[ABOUT THIS TASK] The reply must consist of the lines from the first line of the records through the line containing "This paper aims", copied exactly, with every picture omitted.

[Excerpts from a dataset]
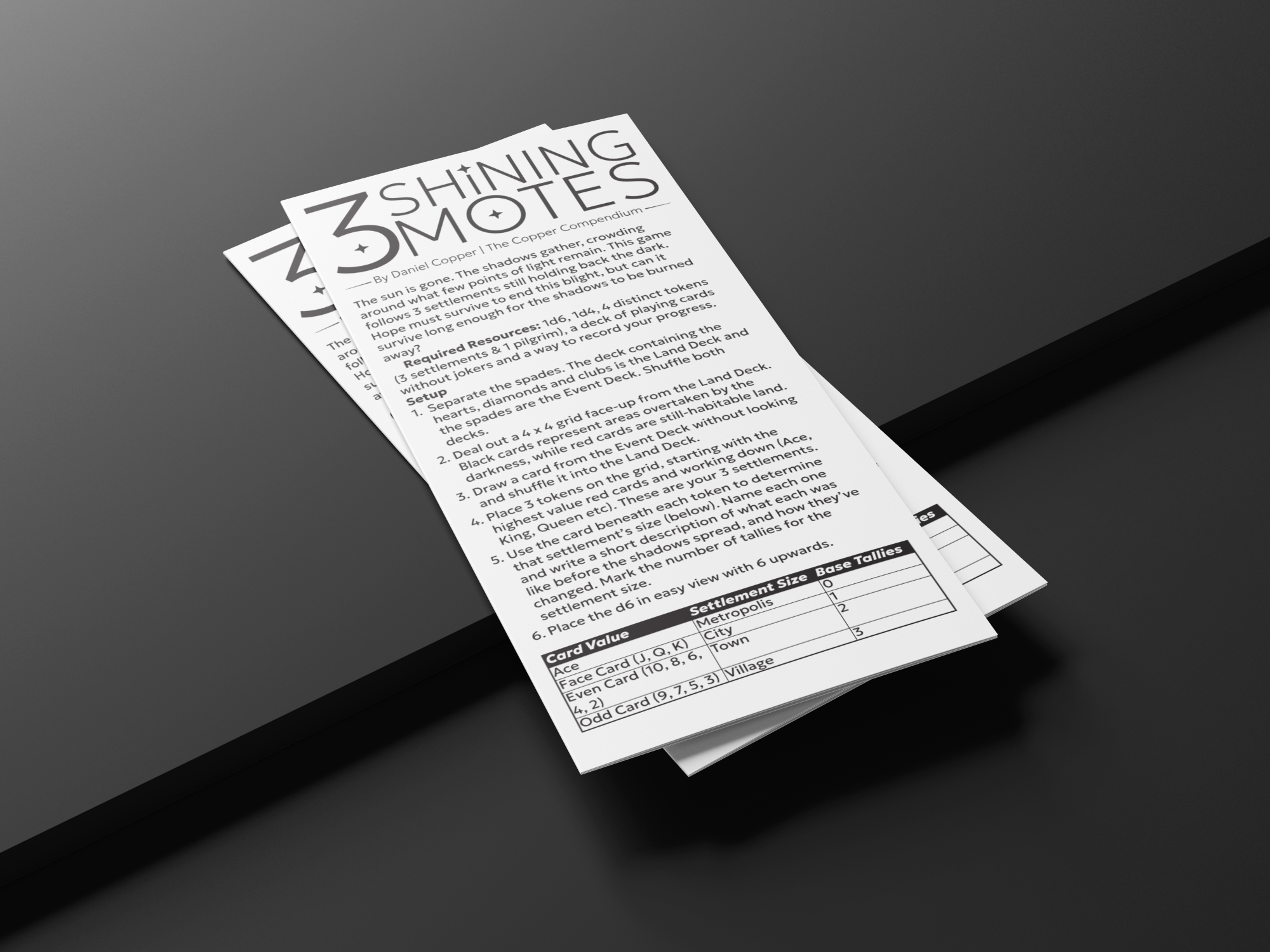 3 Shining Motes is a single-player journaling game, played with a deck of playing cards, a 4-sided die, a 6-sided die, 4 tokens and whatever method you choose to record the events that unfold. A game takes approximately an hour to play. Each turn you'll answer a prompt, either a disaster within one of your settlements or a reason for hope, then watch the shadows spread. Hope will prevail, eventually, if even one settlement survives the tide of darkness.
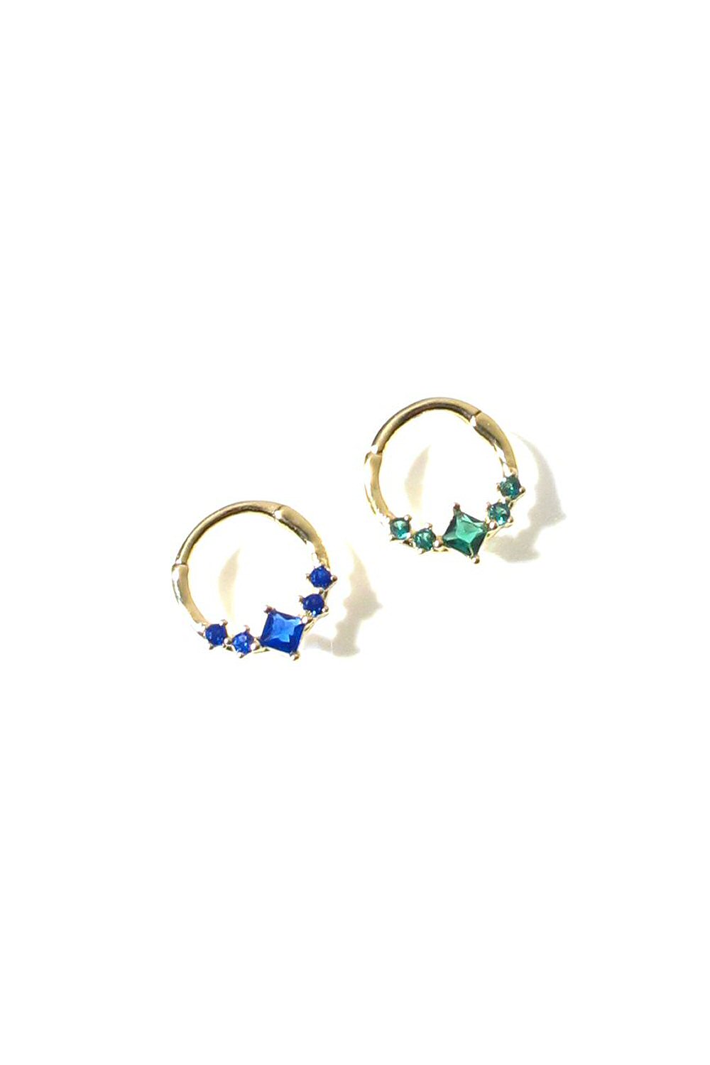 Huggie de type Clicker 8mm 'Diadème' avec ses strass vert ou bleu de la marque Parisienne Bali Temples Jewellery.
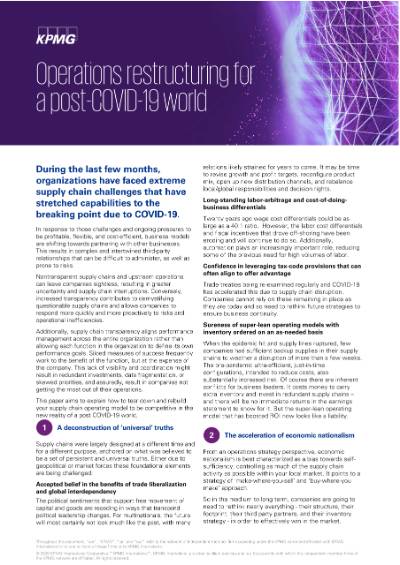 This paper aims to explain how to tear down and rebuild your supply chain operating model to be competitive in the new reality of a post COVID-19 world.
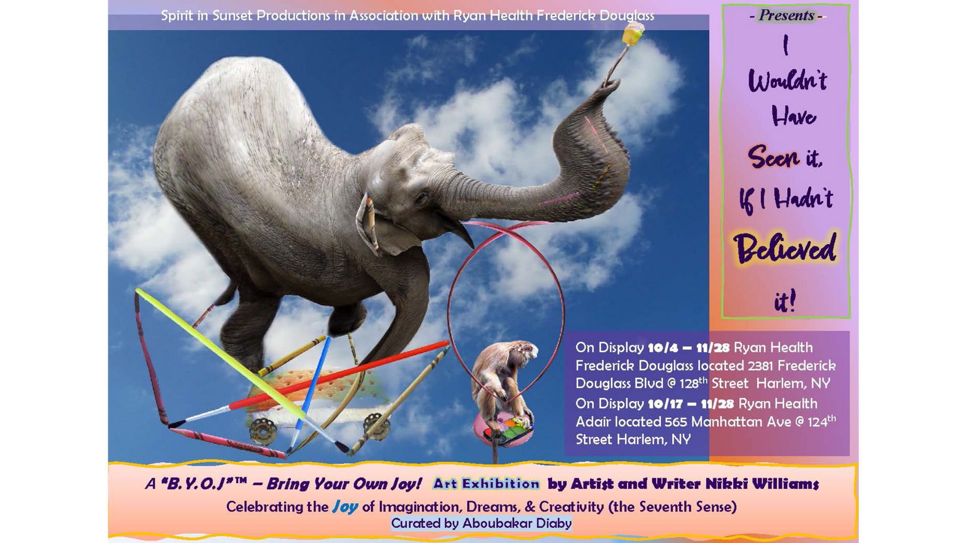 Bring Your Own Joy! Solo Art Exhibit Celebrating the Joy of Imagination, Creativity, and Dreamed Vision by Harlem Artist and Writer Nikki Williams. The exhibit will be on view from October 4, 2022, through November 28, 2022, in all four windows of Ryan Health Frederick Douglass located at 2381 Frederick Douglass Blvd and 128th Street. An Artist Talk will take place on Monday, October 24, 2022, from 3:00 – 5:00 p.m. The Artist Talk will be a “Wondrous Walk Observing the Everyday Creativity of Harlem and its Citizens” starting from Ryan Health Frederick Douglass and concluding at Ryan Health Adair located at 565 Manhattan Avenue at 124th Street in Harlem.
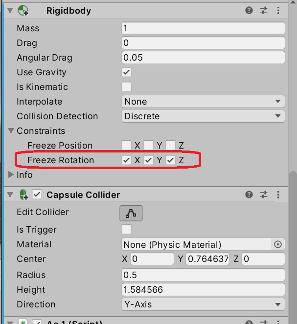 캐릭터에 Component를 추가하고 나서 움직여보면 캐릭터가 공처럼 굴러가는 문제가 있다. 충돌체크가 캡슐 형태로 되기에 지면에 캡슐이 굴러가는 현상이 일어난다. FreezeRotation을 해주면 해결 가능하다.
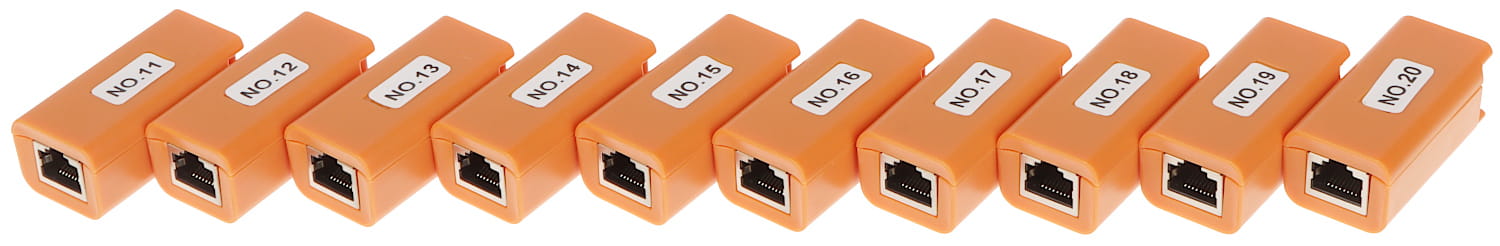 Zestaw terminatorów CS-TER-11/20 jest dodatkowym akcesorium do testerów CCTV serii CS-Hx, CS-Rx oraz CS-NTTerminatory o nadanych numerach ID w zakresie 11 ... 20 umożliwiają szybką i wygodną identyfikację przewodów zakończonych złączami RJ-45Tester po przyłączeniu do niego przewodu Ethernet z założonym na końcu terminatorem, wyświetli na ekranie numer ID danego terminatora

[SOLUTION]
 3 Shining Motes is a single-player journaling game, played with a deck of playing cards, a 4-sided die, a 6-sided die, 4 tokens and whatever method you choose to record the events that unfold. A game takes approximately an hour to play. Each turn you'll answer a prompt, either a disaster within one of your settlements or a reason for hope, then watch the shadows spread. Hope will prevail, eventually, if even one settlement survives the tide of darkness.
 Huggie de type Clicker 8mm 'Diadème' avec ses strass vert ou bleu de la marque Parisienne Bali Temples Jewellery.
 This paper aims to explain how to tear down and rebuild your supply chain operating model to be competitive in the new reality of a post COVID-19 world.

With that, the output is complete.